Where a, b, c, d are counts in a 2x2 contingency table. The tetrachoric coefficient estimates what the correlation would be if the underlying variables were continuous and normally distributed—perfect for binary observations of inherently continuous phenomena like sleep quality.

Architecture Decisions

Why React Native?

Cross-platform was essential. I wanted to ship to both iOS and Android without maintaining two codebases. React Native with Expo provided the fastest path to both app stores while keeping the development experience pleasant.

Offline-First & Privacy

Every piece of data stays on your device. No accounts, no servers, no analytics tracking what decisions you’re making. This was a deliberate choice:

  1. Privacy: Your decision-making data is deeply personal
  2. Reliability: The app works without internet
  3. Simplicity: No backend to maintain means the app can exist indefinitely

Redux Persist handles state management, automatically syncing to AsyncStorage. The entire app runs locally.

The Math Stack

For the Gaussian Process implementation, I needed serious linear algebra. The mathjs library handles matrix operations, LU decomposition, and solving linear systems. For simpler statistics, simple-statistics covers mean, median, and standard deviation calculations.

Lessons Learned

1. Academic rigor doesn’t mean bad UX. The algorithms are real and mathematically correct, but the interface hides the complexity. Users don’t need to understand Gaussian kernels to optimize their recipes.
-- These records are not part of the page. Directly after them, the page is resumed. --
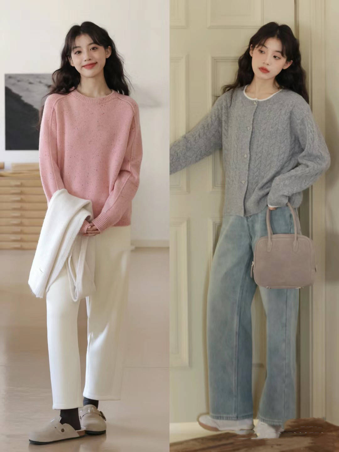 小个子女生,可以尝试这种利落又流畅的穿衣方式。浅粉色的针织衫,带着几分静谧与温柔,搭配上白色系的直筒裤,清清爽爽就格外的耐看。
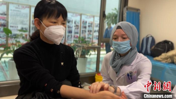 11月中旬,李峰的妻子瑪麗亞(右),作為甘肅中醫(yī)藥大學(xué)附屬醫(yī)院俄羅斯實(shí)習(xí)生,為甘肅患者把脈。王牧雨 攝
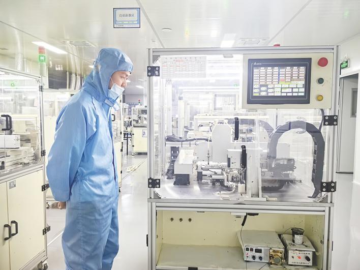 走进园区的一个车间,一个盛满水的玻璃容器引人注目。“这可不是普通的自来水,而是超纯水。”任骥麟提醒道。
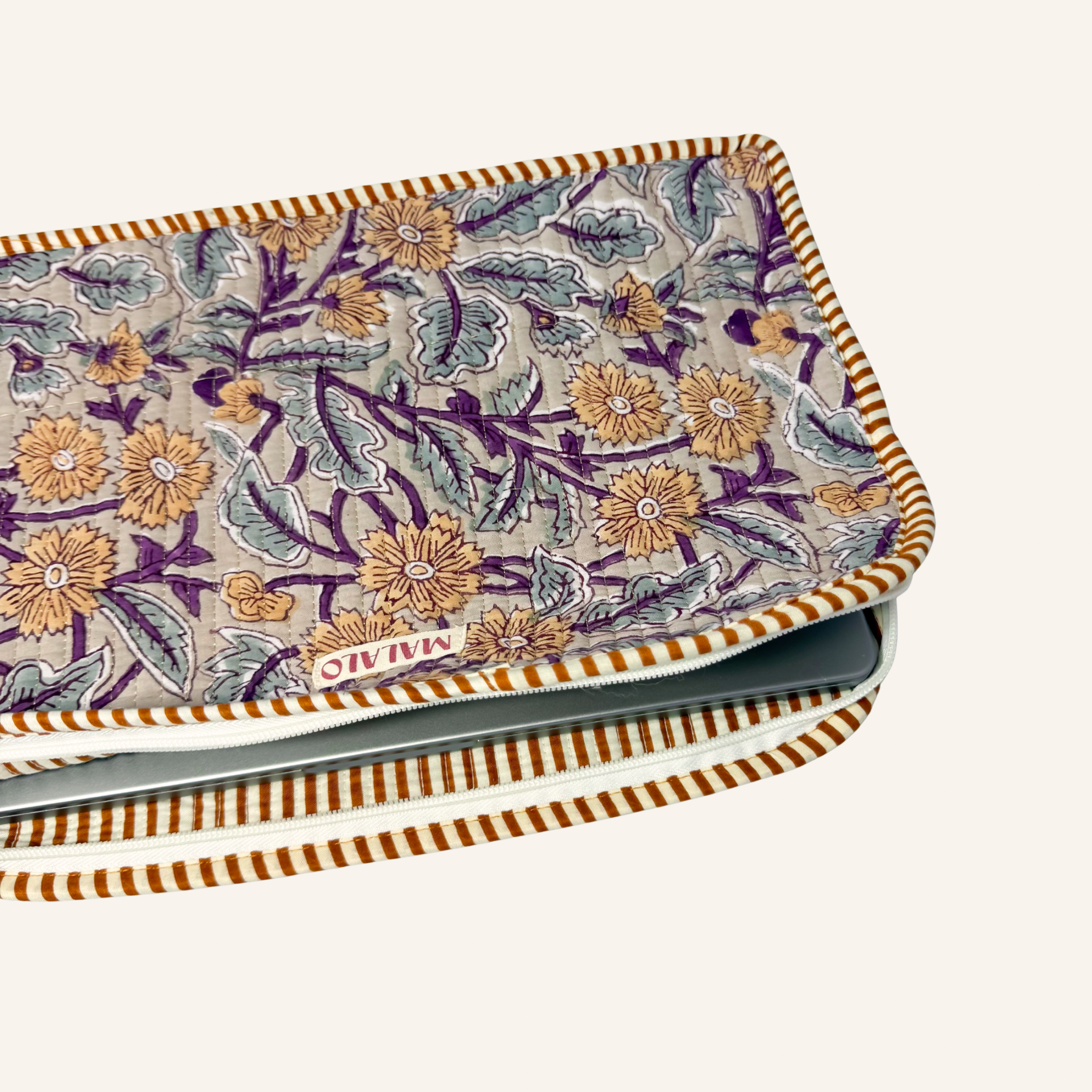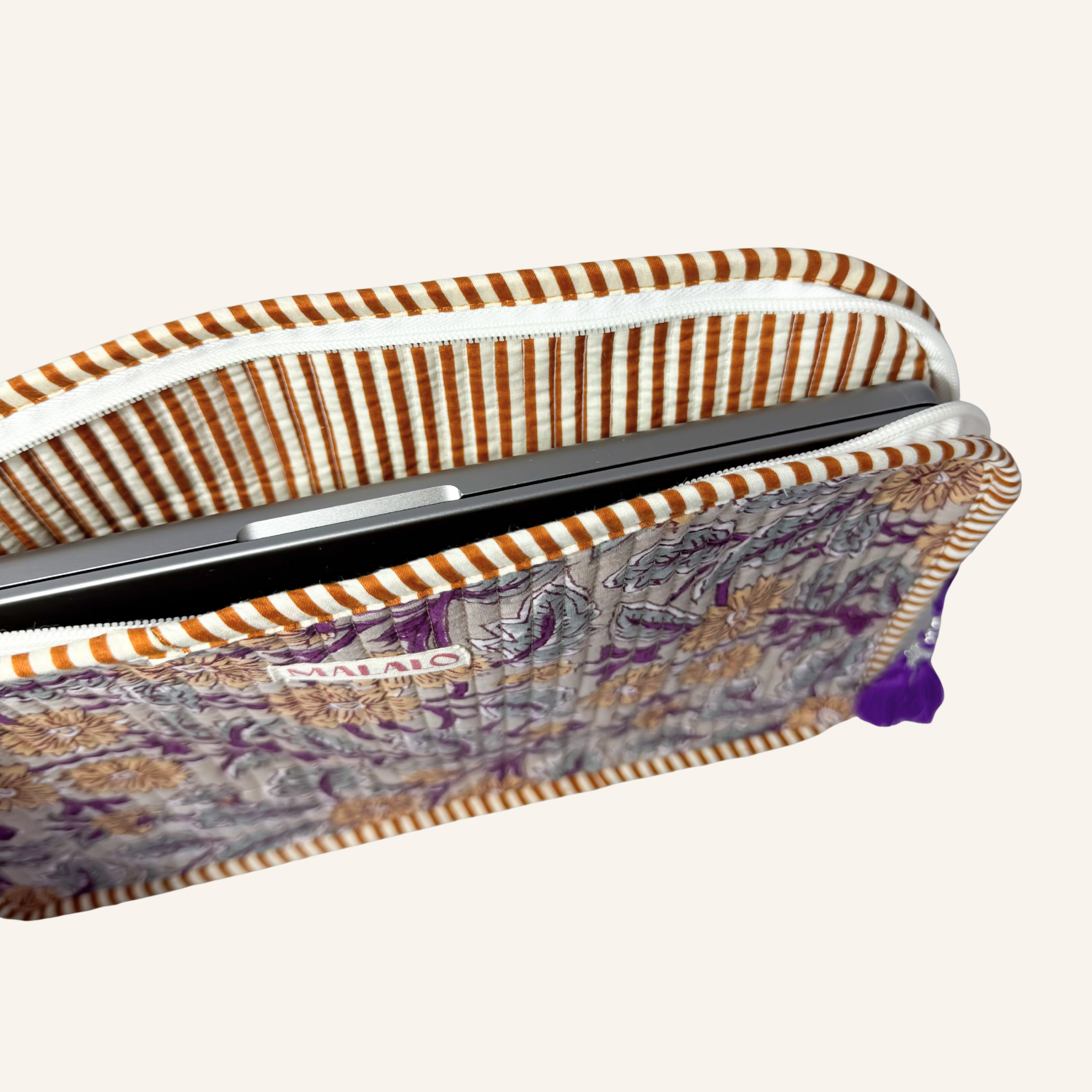 Een trendy laptophoes met bloemenprint is ideaal om je laptop stijlvol mee te nemen naar werk of school. Deze beige laptophoes met paarse bloemen is een echte eye-catcher en sluit met een stevige ritssluiting. Praktisch, kleurrijk en perfect te combineren met de bijpassende Meadow Haze Bag en Meadow Haze Toiletry Bags in dezelfde bloemenprint.
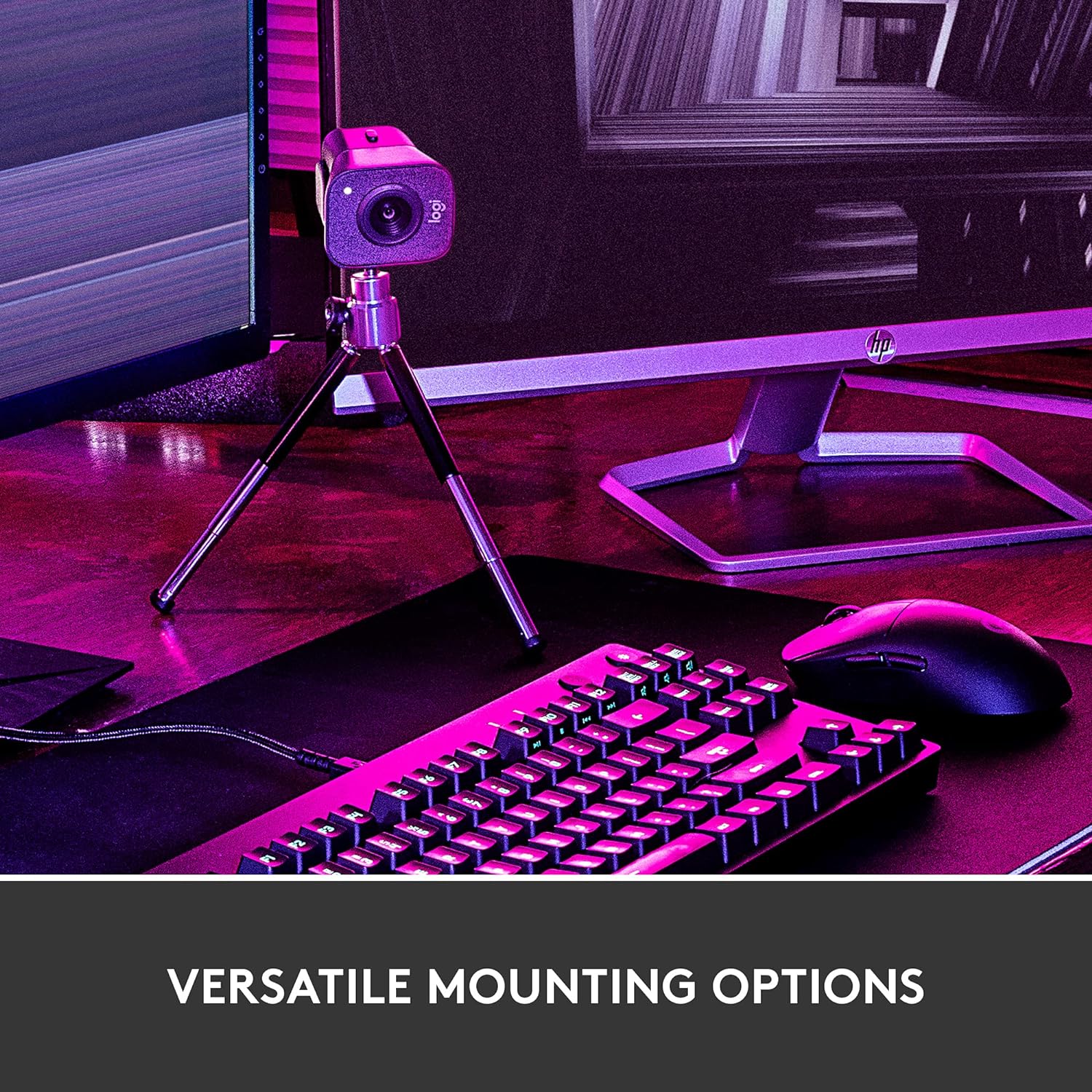 - Versatile Mounting Options — Achieve the perfect framing with landscape or portrait modes and mount on your monitor or directly on a standard tripod.
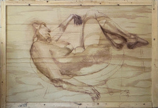 Deborah, Lianne Jedeikin, 2023, oil & pastel on recycled wood crate, 46 x 70 in. / 116.84 x 177.8 cm.
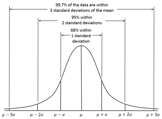 然后尝试其他模型。通过搜索发现,有一类ML模型专门用于异常检测,找到了Andrew Ng介绍的基于高斯分布的异常检测算法:https://www.coursera.org/learn/machine-learning/home/week/9 。高斯分布如下图所示:
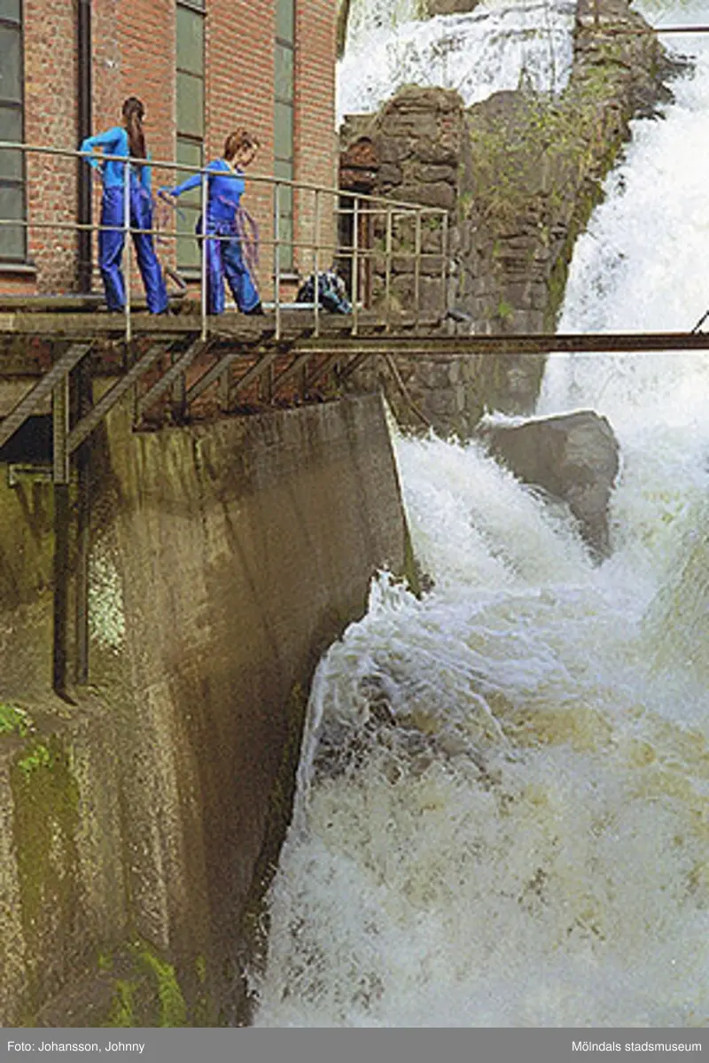 Kvarnbydagen 28 april 2002. Danstillställningen ForsAnde med Tina Andersson och Åsa Thegerström vid Oljeslageriet. Mölndalsfallen rinner till höger.
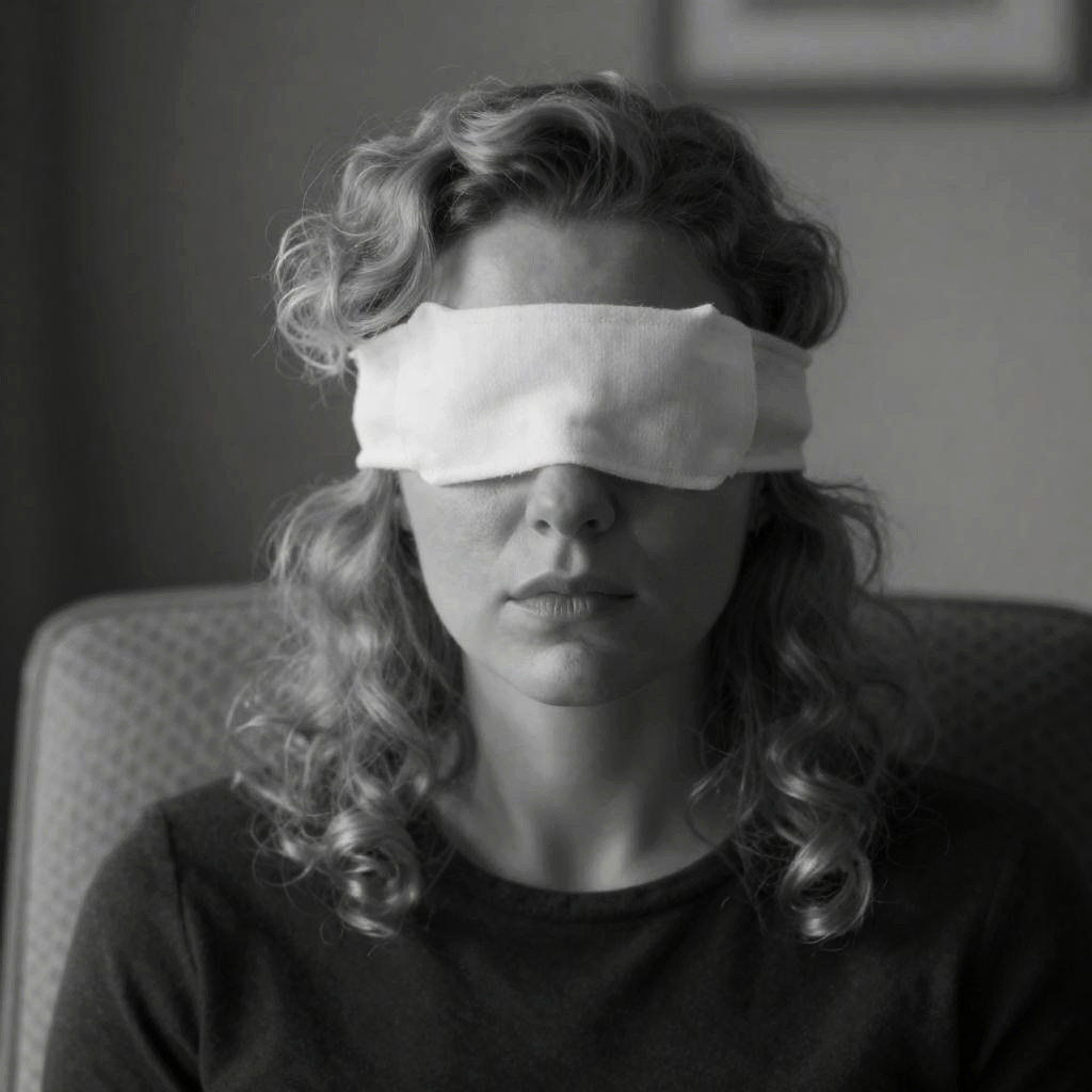 Woman with long brown hair, lying on gravel, bound in orange dress with arms tied behind back. Man in blue pants stands nearby. Two black tools lie on ground to left. Woman's face shows discomfort. Gravel-covered ground extends.
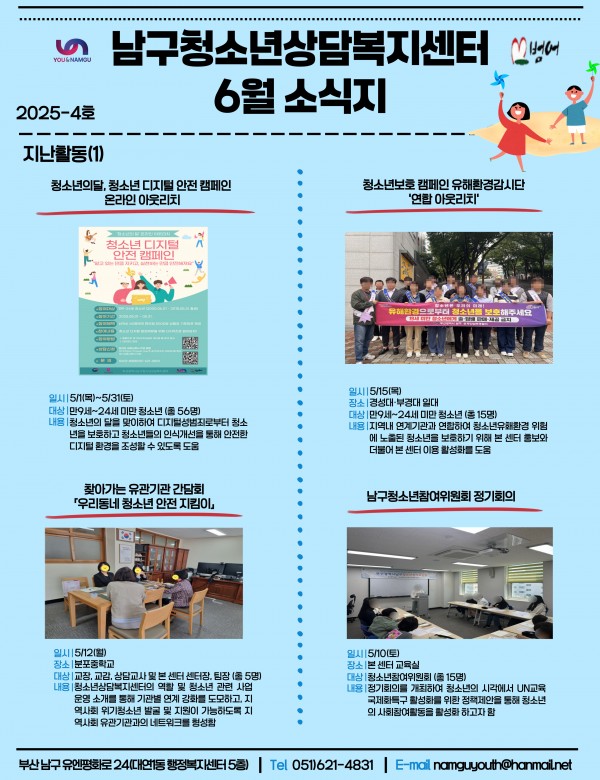 6월 소식지 페이지 정보 작성자 최고관리자 작성일25-06-17 10:26 조회42회 댓글0건 이전글 다음글 답변 목록 본문 남구청소년상담복지센터·남구학교밖청소년지원센터 6월 소식입니다 ! 댓글목록 등록된 댓글이 없습니다. 이전글 다음글 답변 목록
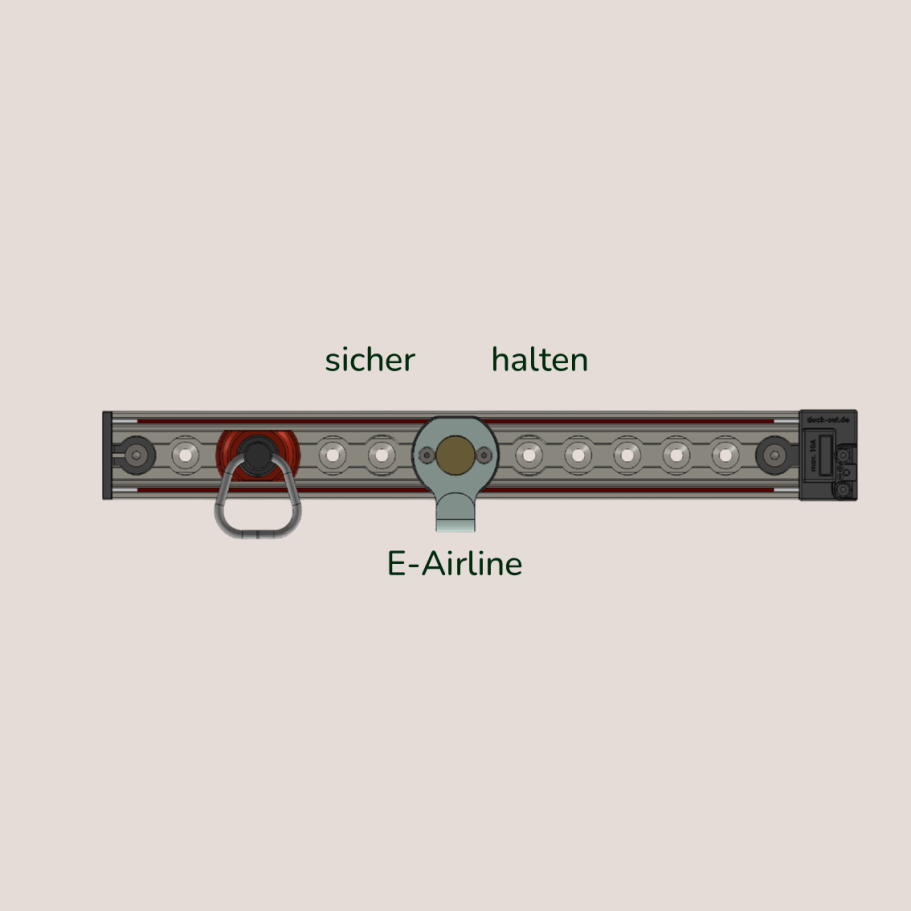 Mit der E‑Airline‑Schiene sicherst du E‑Bikes und Fahrräder zuverlässig – und hast gleichzeitig 12‑V‑Strom direkt an Bord, um Akkus zu laden oder Beleuchtung zu betreiben. Ob im Transporter, im Servicefahrzeug oder an einem modularen Radträger: Du sparst dir zusätzliche Steckdosen und Verkabelung und hast Strom immer genau dort verfügbar, wo deine Bikes stehen.
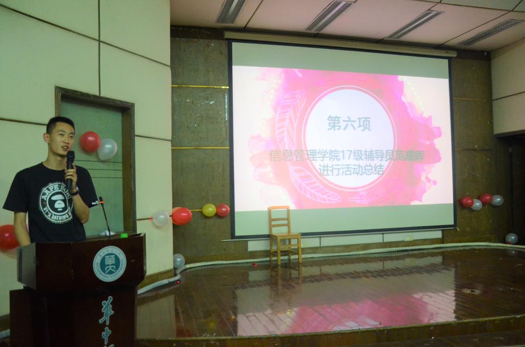范耀晖对本次比赛进行总结,他首先高度肯定大家的展示成果。表示一年来的种种都是美好的回忆,同学们积极、乐观、团结、创新的精神感染着自己。刚好正值五四青年节之际,他结合学习、学生工作、志愿服务、自身修养等四个方面,表达了对17级成员的鼓励与希冀。希望同学们在今后的日子,厚积薄发天天向上。
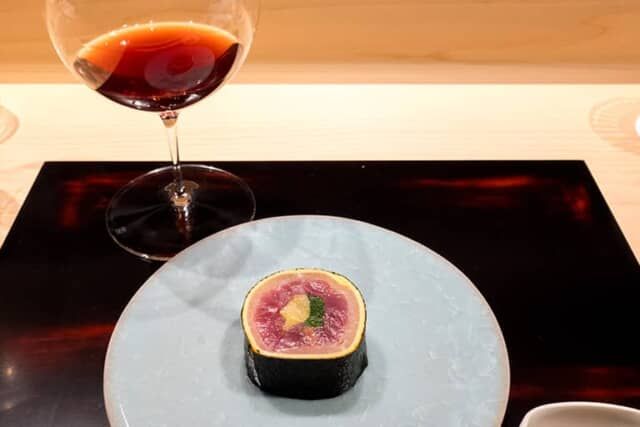 大トロを食したところで、地方特有の鮨や料理長が腕を振るうクリエイティブな鮨が登場します。ペアリングのワインや日本酒も、それに合わせてさらに個性が高まります。
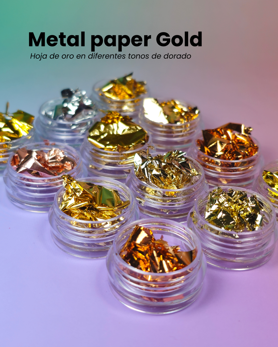 Hoja de oro en diferentes tonos dorados para elevar tus diseños al siguiente nivel.Texturas metálicas ultrafinas que se adaptan a cualquier estilo: desde detalles sutiles y elegantes hasta composiciones más intensas y protagónicas. Perfecta para encapsular, crear acentos de lujo o dar ese efecto gold touch que transforma por completo el nail art.Un básico infalible para diseños sofisticados, modernos y llenos de brillo
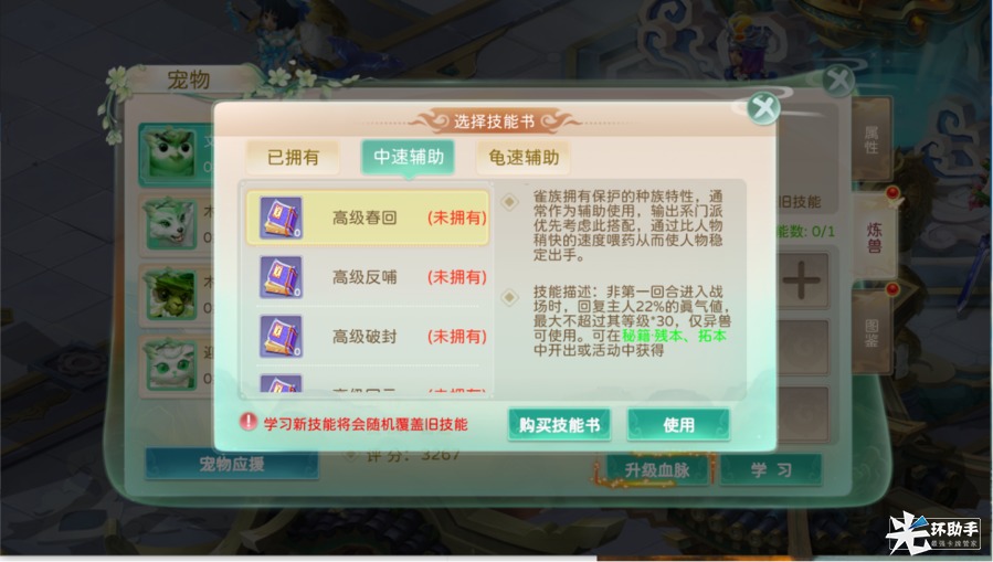 2、宠物可以通过使用技能书学习新技能,学习过程中会随机顶替已学习的技能。

2. Side projects benefit from constraints. No backend meant no DevOps, no server costs, and forced me to think carefully about what’s truly necessary.

3. The 37% rule applies to building apps too. I explored many feature ideas before committing. The first six features that made the cut aren’t necessarily the first six I thought of.


entscheid.io is free, has no ads, and is available on Google Play and the App Store. The algorithms that academics developed over decades are now a tap away.

Sometimes the best decision is to let math decide.